- [Your instructions] Without the pictures, set down every line of the data exactly.

- [Recorded information]
§ §

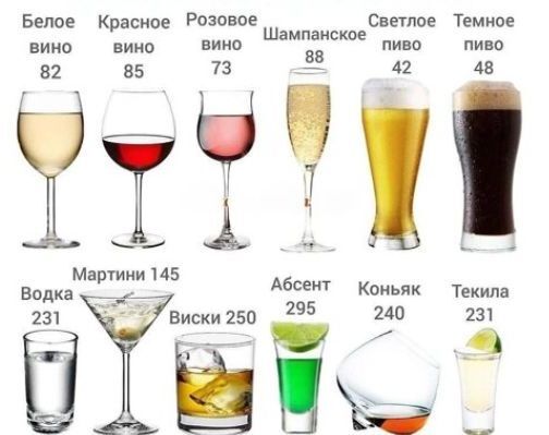 Калорийность разных типов алкоголя
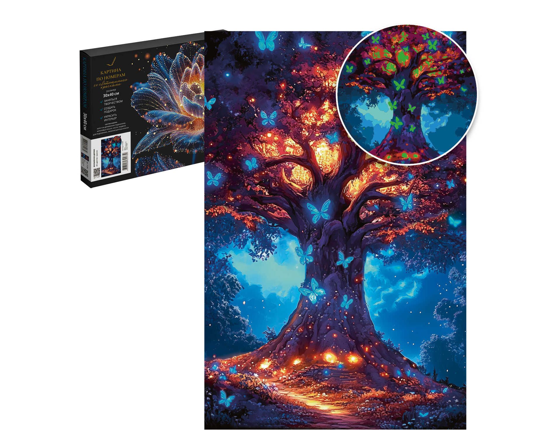 Набор для творчества Картина по номерам со светящимися красками ВОЛШЕБНОЕ ДЕРЕВО, размер: 30х40 см, (20 цвета (-ов), холст на деревянном подрамнике с напечатанной схемой рисунка, краски акриловые на водной основе (упакованы в вакуумную упаковку), люминесцентные (светящиеся в темноте) краски, кисти художественные с ворсом из нейлона – 4 шт., лак, пакет на zip-молнии, подвесы для подрамника, контрольный лист с нанесенной схемой в комплекте, картонная коробка с ручкой)
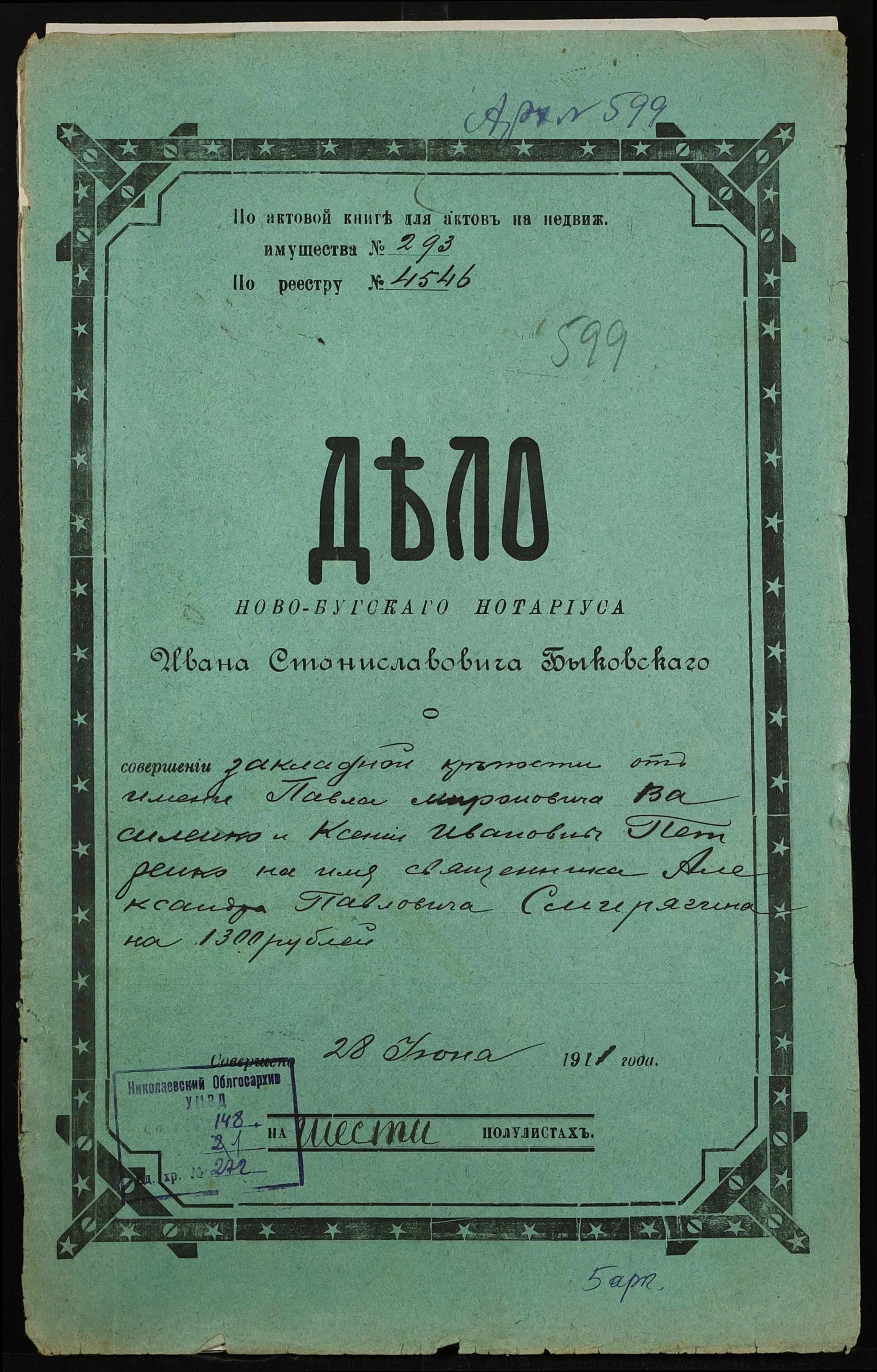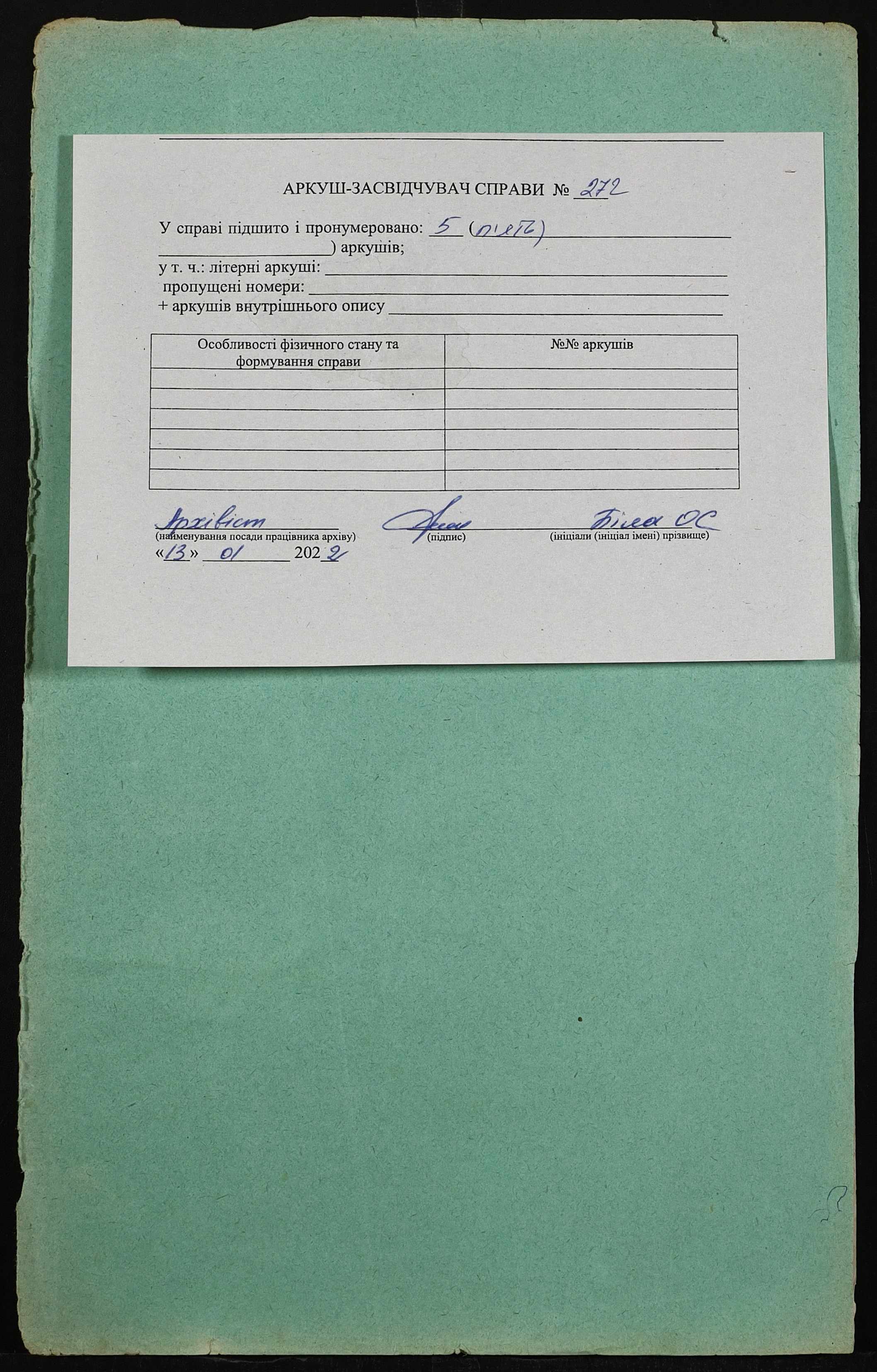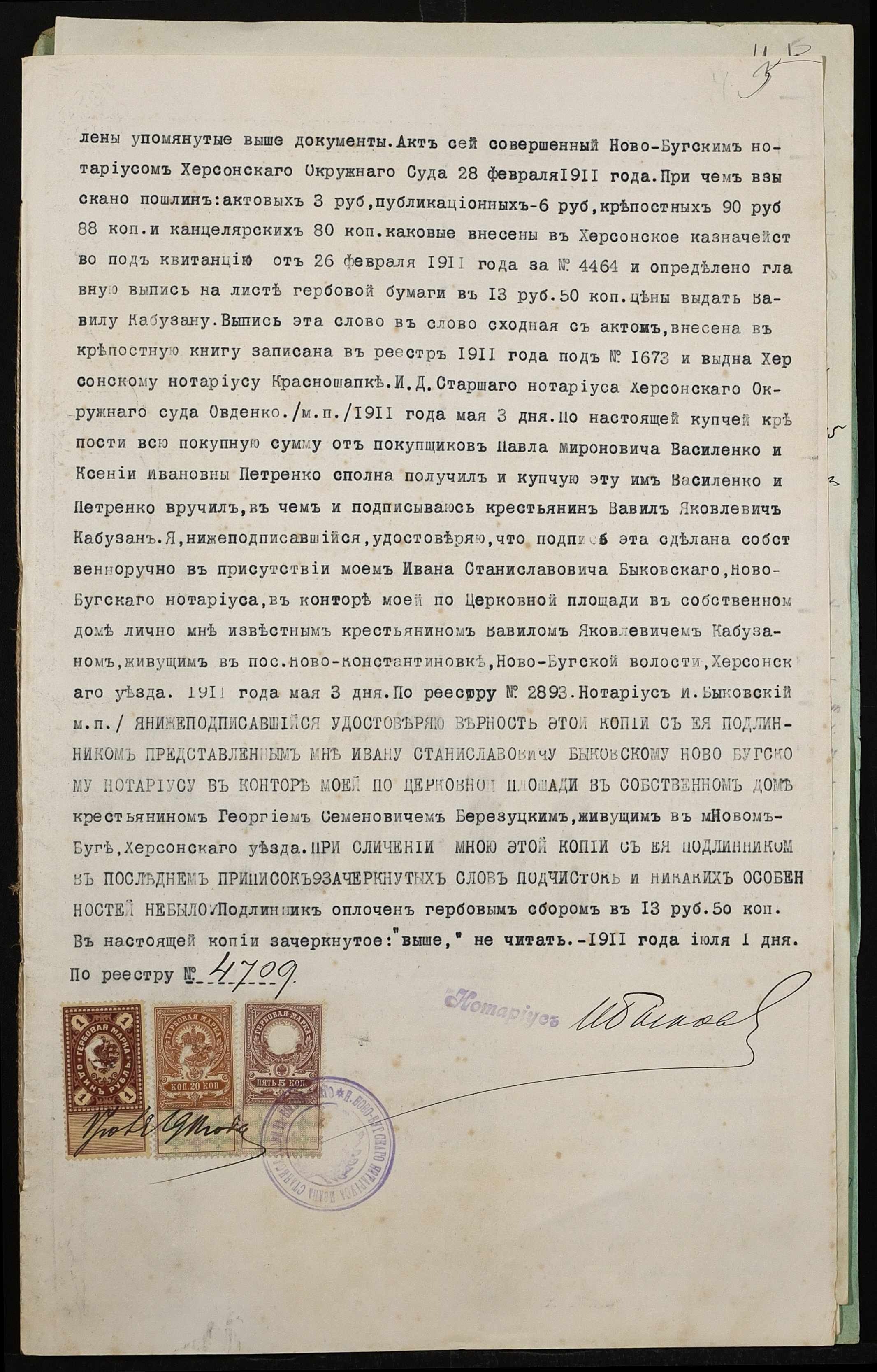 • • • • Справа № 272 “Справа про вчинення закладної на землю, заставлену селянами Василенком (Василенко) Павлом Мироновичем і Петренко Ксенією Іванівною (Ксенией Ивановной) священнику Смирягіну Олександру (Смирягину Александру) Павловичу”

§ §

- [Response to the task]
 Калорийность разных типов алкоголя
 Набор для творчества Картина по номерам со светящимися красками ВОЛШЕБНОЕ ДЕРЕВО, размер: 30х40 см, (20 цвета (-ов), холст на деревянном подрамнике с напечатанной схемой рисунка, краски акриловые на водной основе (упакованы в вакуумную упаковку), люминесцентные (светящиеся в темноте) краски, кисти художественные с ворсом из нейлона – 4 шт., лак, пакет на zip-молнии, подвесы для подрамника, контрольный лист с нанесенной схемой в комплекте, картонная коробка с ручкой)
 • • • • Справа № 272 “Справа про вчинення закладної на землю, заставлену селянами Василенком (Василенко) Павлом Мироновичем і Петренко Ксенією Іванівною (Ксенией Ивановной) священнику Смирягіну Олександру (Смирягину Александру) Павловичу”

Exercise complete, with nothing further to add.